BEGIN Given records

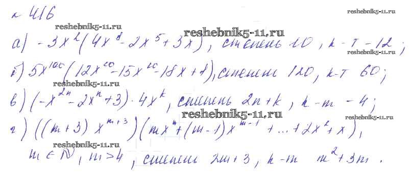 Готовая домашняя работа с ответами по Алгебре за 7 класс Макарычев, Миндюк, Нешков, Феоктистов Учебник УМК Углубленный уровень Мнемозина 2013 ФГОС - Упражнения 416
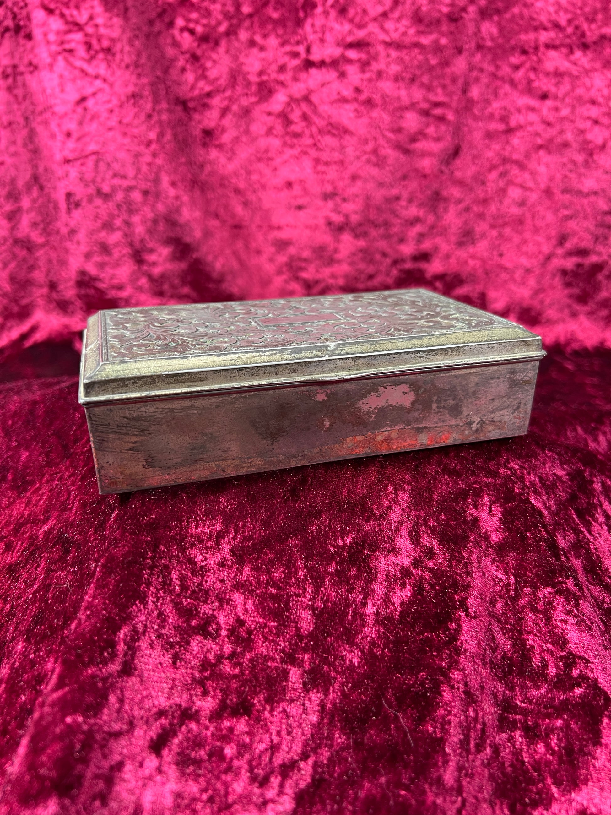 Vintage Trinket Box - Cigarette Box Holder - Pewter - Ornate Scroll Filigree
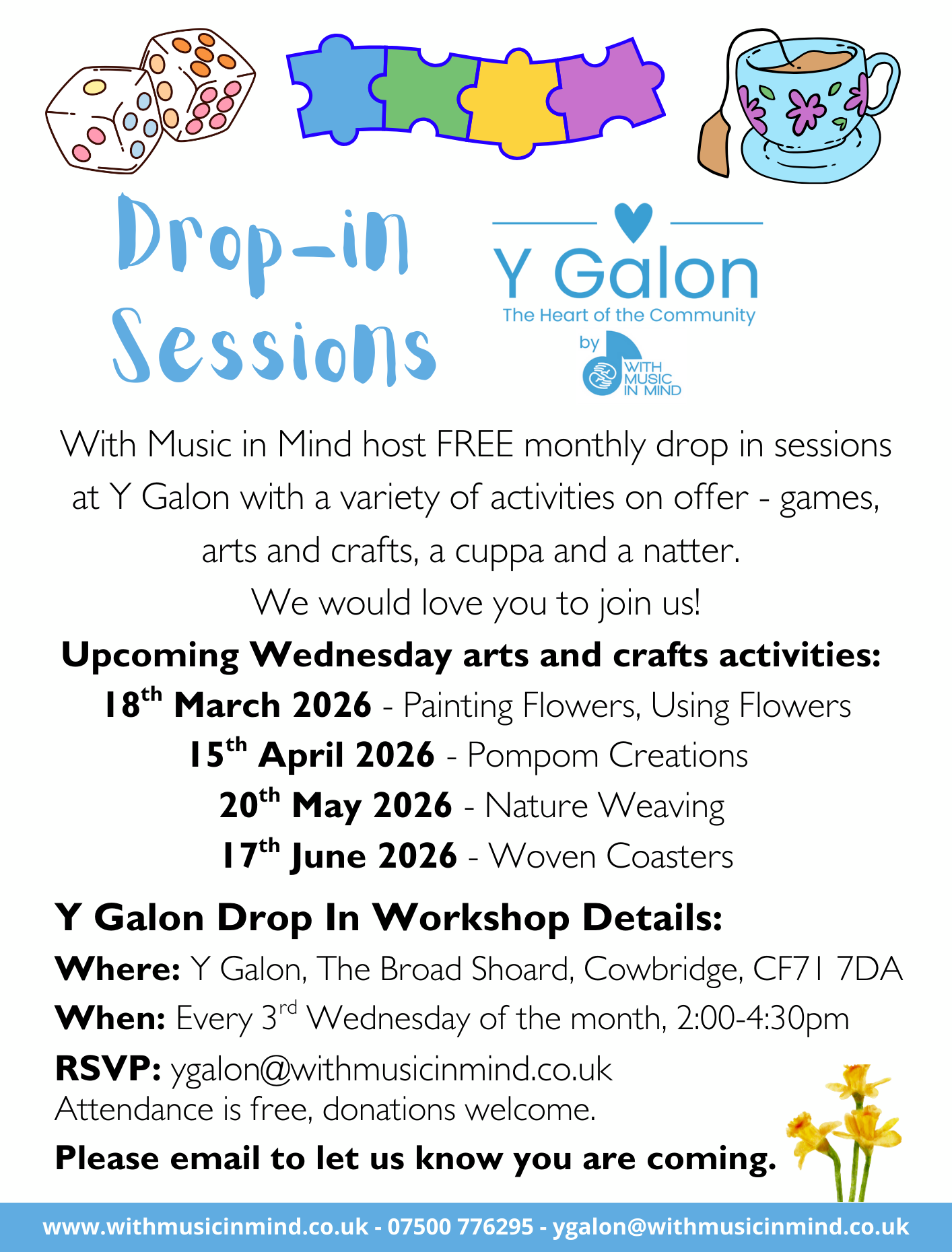 We've got lots more craft activities planned for the next few drop-in afternoons at Y Galon! Please let us know in advance if you'd like to take part in the craft so we can be sure to have enough supplies ready for everyone.
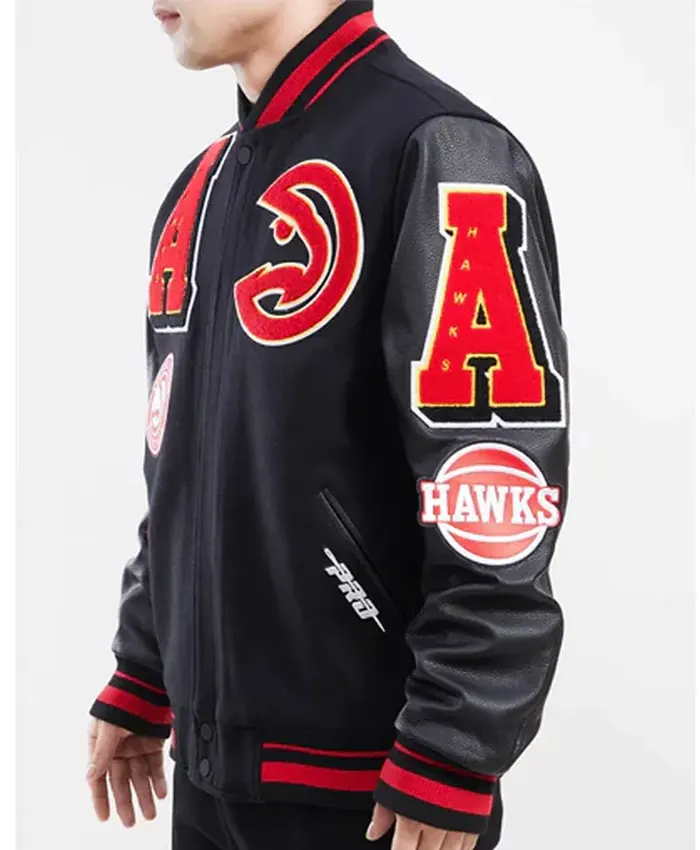 Atlanta Hawks Letterman Full Snap Wool Jacket on sale For Mens and Womens
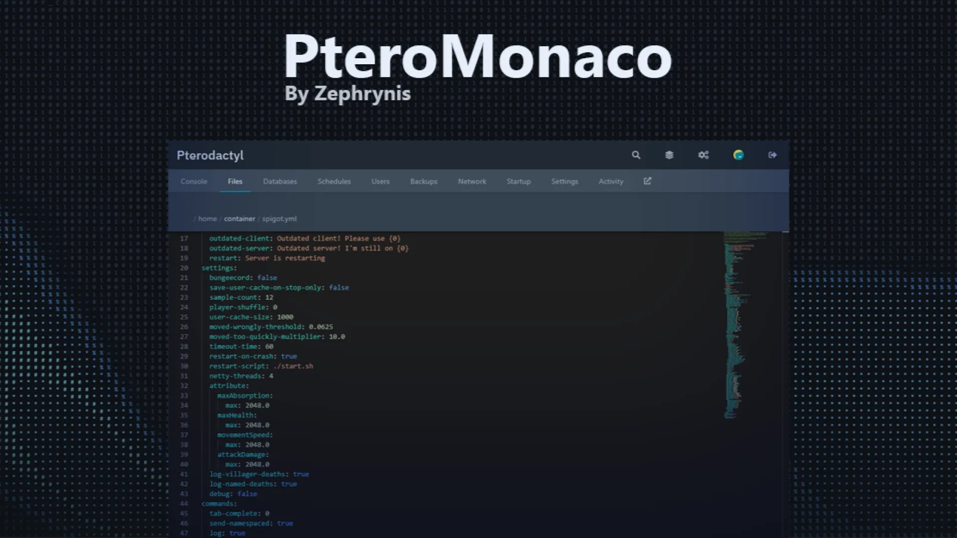 This is a pterodactyl theme made to replace the generic code editor with Monaco, a code editor with a larger featureset best known for its' use in Visual Studio Code.
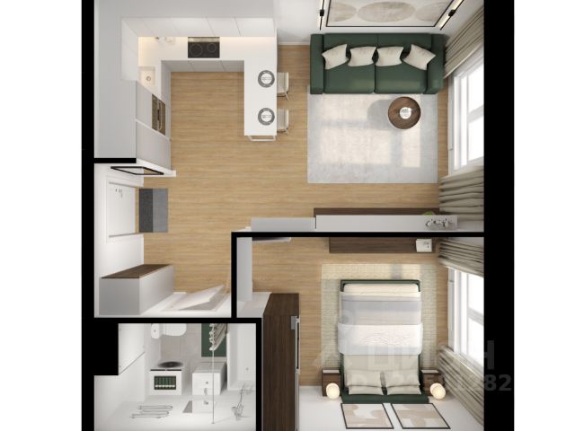 Из окон, а также с балкона, открывается вид во двор. В квартире предусмотрен отдельный рабочий кабинет. В квартире высокие потолки 3.25 м, что дает ощущение простора. Преимуществом также является большой санузел, а ещё предусмотрена постирочная.
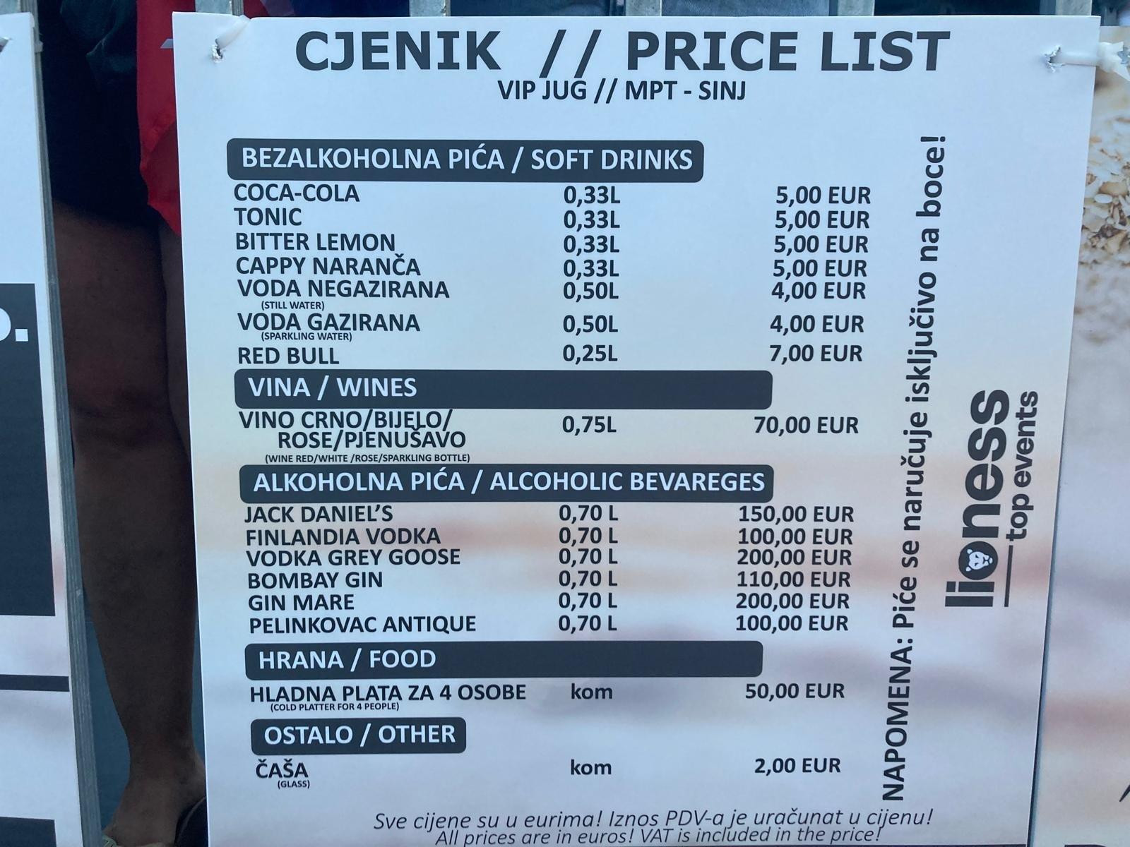 Cijene su, pak, na sinjskom Hipodromu nešto manje nego na zagrebačkom, i to za euro. Tako je, primjerice, limenka piva 6 eura, voda 4.
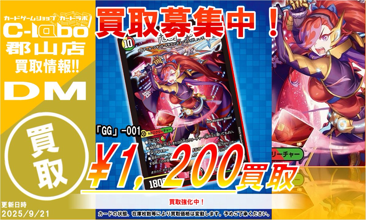 【デュエマ 買取情報】 🔥「GG」‐ 001 ¥1200🔥 🔥「GT」- 002 ¥200🔥 買取大募集中です❗️❗️

END Given records

** Task brief **
Please reproduce the listing exactly from its opening line through the line that contains "Atlanta Hawks Letterman", both included, with all pictures omitted.

** Response area **
 Готовая домашняя работа с ответами по Алгебре за 7 класс Макарычев, Миндюк, Нешков, Феоктистов Учебник УМК Углубленный уровень Мнемозина 2013 ФГОС - Упражнения 416
 Vintage Trinket Box - Cigarette Box Holder - Pewter - Ornate Scroll Filigree
 We've got lots more craft activities planned for the next few drop-in afternoons at Y Galon! Please let us know in advance if you'd like to take part in the craft so we can be sure to have enough supplies ready for everyone.
 Atlanta Hawks Letterman Full Snap Wool Jacket on sale For Mens and Womens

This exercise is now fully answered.